A new tool that can calculate the genetic risk score of people likely to develop coronary heart disease has been developed. The advancement may pave way for early and personalised preventive interventions.
Genetic factors have long been known to make a significant contribution to CHD risk. Recent advances in genetics have led to the identification of many Single Nucleotide Polymorphisms (SNPs) - very small differences in our DNA that vary from person to person.

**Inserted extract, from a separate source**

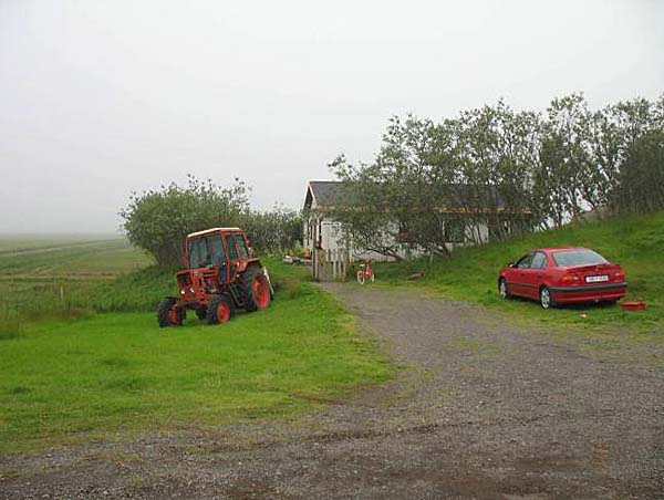 Итак, в 12-40 мы на ферме № 175 Rauðsdalur. Время для нашего заезда еще не наступило. Заезды во все фермы начинаются с 15-00. Но (о счастье!) оказалось, что хозяин фермы подрабатывает ремонтом колес. Срочно вытаскиваем прорезанную запаску и через 20 минут мы снова готовы трогаться в путь. Правда разрез оказался довольно большим, но мы рассчитываем, что больше приключений такого рода не будет, и оно пролежит до конца поездки в качестве запаски. Если бы знать свое будущее…..

‘Using very small differences in our DNA that vary from person to person, the genetic risk score was framed to spot heart disease risk and adopt preventive measures.’
Researchers created a score, known as a genomic risk score (GRS) by looking at over 49,000 SNPs and showed that the higher the GRS the higher the future risk of CHD.
People with a GRS in the top 20 percent had an over 5-fold higher lifetime risk of CHD than those in the bottom 20 percent.
The study from the University of Leicester in the UK is the first to look at a much larger number of SNPs to give a fuller picture of an individual's genetic risk of developing CHD.
Currently, clinical risk scores are based on known risk factors for CHD such as cholesterol level, having high blood pressure or diabetes and smoking.
However, such scores are imprecise and unable to identify a large proportion of people who develop CHD. The researchers showed that the GRS was independent of the clinical risk scores and by combining the two risk score tools they were better able to predict people who were at risk of developing CHD in the next 10 years.
"This is the first really large study showing the potential benefits of using a genetic risk score over and above current methods to identify people at increased risk of coronary heart disease," said Sir Nilesh Samani from the University of Leicester.
"We already know that CHD starts at an early age, several decades before symptoms develop, and preventative measures should ideally be applied much earlier, especially to those who are at increased risk," Samani said.
"Current clinical risk scores are not good at evaluating risk until middle-age. On the other hand, the GRS which is based on your DNA, can be applied at any age," he said.
"Earlier identification of people who would most benefit from lifestyle changes and medication to reduce their risk of a heart attack could save countless lives," he added.